Evidence-Driven LLM Agent for C-to-Synthesizable-C Conversion and Verification
Pith reviewed 2026-06-30 01:40 UTC · model grok-4.3
The pith
An evidence-isolated four-stage verifier and mismatch localization chain lets LLM agents convert ordinary C into synthesizable HLS-C more reliably than prior models.
A machine-rendered reading of the paper's core claim, the machinery that carries it, and where it could break.
Core claim
The end-to-end workflow of cooperating agents closed by the four-stage verifier under strict evidence isolation, together with the Progressive Mismatch Localization Chain and typed-query two-stage evidence RAG backed by a self-evolving family-routed repair-card pool, produces C programs that complete the full HLS pipeline where previous LLM systems do not.
What carries the argument
The four-stage verifier under strict evidence isolation, which supplies only normalized diagnostic signals to the agents instead of raw tool logs, closing the generation-verification-diagnosis-repair loop.
If this is right
- The workflow covers all four HLS pipeline stages rather than stopping at C compilation or CSim.
- Progressive mismatch localization reduces the search space for repairs by identifying exact source locations of CSim and CoSim failures.
- The self-evolving repair-card pool accumulates evidence across runs and routes it by code family.
- Strict evidence isolation prevents the model from seeing unprocessed tool output and thereby improves reproducibility.
Where Pith is reading between the lines
- The same isolation pattern could be applied to other synthesis or compilation toolchains beyond Xilinx Vitis.
- If the repair-card pool is seeded with human-written fixes, the method might bootstrap from fewer LLM calls.
- Dual-trace instrumentation inside PMLC could be reused for debugging ordinary software mismatches unrelated to hardware synthesis.
Load-bearing premise
The four-stage verifier under strict evidence isolation supplies sufficient, unbiased diagnostic signals for the agents to converge on correct repairs without the evaluation becoming circular or overly optimistic.
What would settle it
A benchmark of C programs on which the agent workflow reports successful CoSim passes yet the generated RTL fails timing or resource checks when placed on the target FPGA.
Figures
read the original abstract
Software-compilable C programs routinely fail to complete the four-stage pipeline of a high-level synthesis (HLS) toolchain -- compilation, C simulation (CSim), synthesis, and C/RTL co-simulation (CoSim) -- because HLS accepts only a synthesizable subset of C (HLS-C).
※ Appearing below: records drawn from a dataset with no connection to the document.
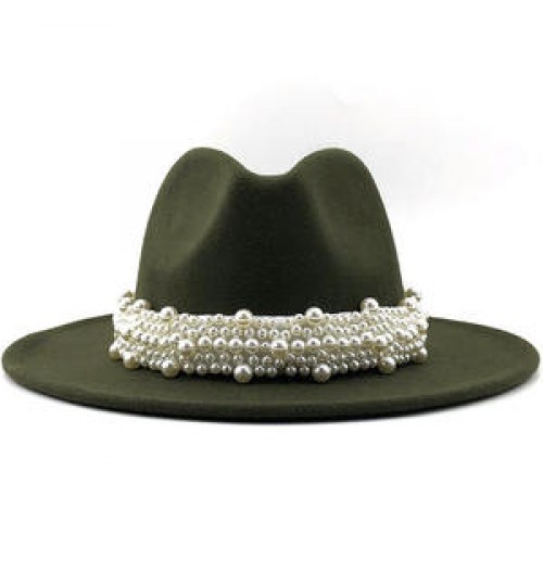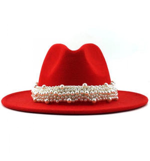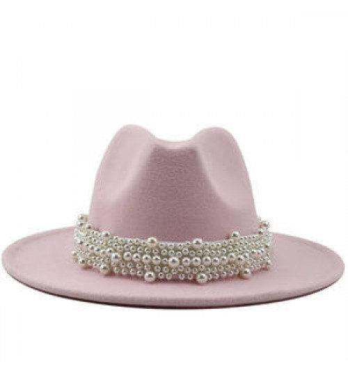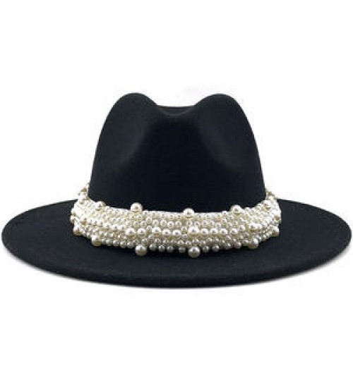 New Elegant Lady Winter Wide Brim Hat Women Wool Fedora Felt Hat With Pearl
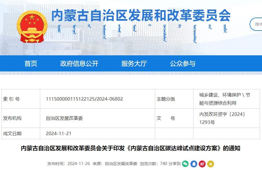 就以內蒙古自治區為例,11月21日,當地發改委印發了《內蒙古自治區碳達峰試點建設方案》(以下簡稱:建設方案)。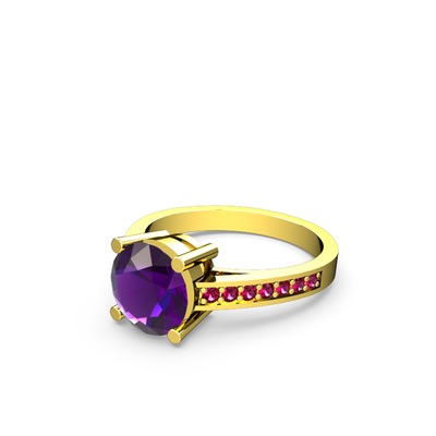 Ametist ve rodolit garnet 18 ayar altın yüzük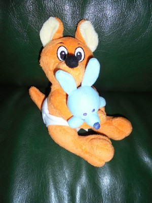 Peluche Kangourou Orange Et Son Bebe Bleu Publicite Finaref 18 Cm Ebay

Yet most existing large language model (LLM) systems built for HLS code repair only cover the early pipeline stages and feed raw tool logs directly to the model, yielding brittle and hard-to-reproduce fixes. We formulate C-to-HLS-C conversion as a closed-loop generation-verification-diagnosis-repair problem on an HLS tool (Xilinx Vitis), contributing three components: an end-to-end workflow of cooperating agents closed by the four-stage verifier under strict evidence isolation; a Progressive Mismatch Localization Chain (PMLC) that localizes CSim/CoSim mismatches through log normalization, AST backward slicing, and dual-trace instrumentation; and a typed-query, two-stage evidence RAG backed by a self-evolving, family-routed repair-card pool. Experimental results show that the proposed workflow substantially outperforms all comparable state-of-the-art models.
Editorial analysis
A structured set of objections, weighed in public.
Referee Report
Summary. The manuscript formulates C-to-HLS-C conversion as a closed-loop generation-verification-diagnosis-repair problem on Xilinx Vitis. It contributes an end-to-end multi-agent workflow closed by a four-stage verifier under strict evidence isolation, a Progressive Mismatch Localization Chain (PMLC) that combines log normalization, AST backward slicing, and dual-trace instrumentation, and a typed-query two-stage evidence RAG backed by a self-evolving family-routed repair-card pool. The central claim is that this workflow substantially outperforms comparable state-of-the-art models.
Significance. If the experimental results hold, the work could advance automated repair for the full HLS pipeline by replacing raw-log feedback with isolated, structured diagnostic signals. The explicit use of evidence isolation and family-routed routing directly targets circularity risks in agent feedback loops, which is a constructive architectural choice. However, the absence of any quantitative results, baselines, dataset size, or statistical tests in the provided text prevents assessment of whether these components deliver the claimed gains.
major comments (1)
- [Abstract] Abstract: the claim that 'Experimental results show that the proposed workflow substantially outperforms all comparable state-of-the-art models' is unsupported by any numbers, baselines, dataset size, or statistical tests, so the central empirical contribution cannot be evaluated from the given text.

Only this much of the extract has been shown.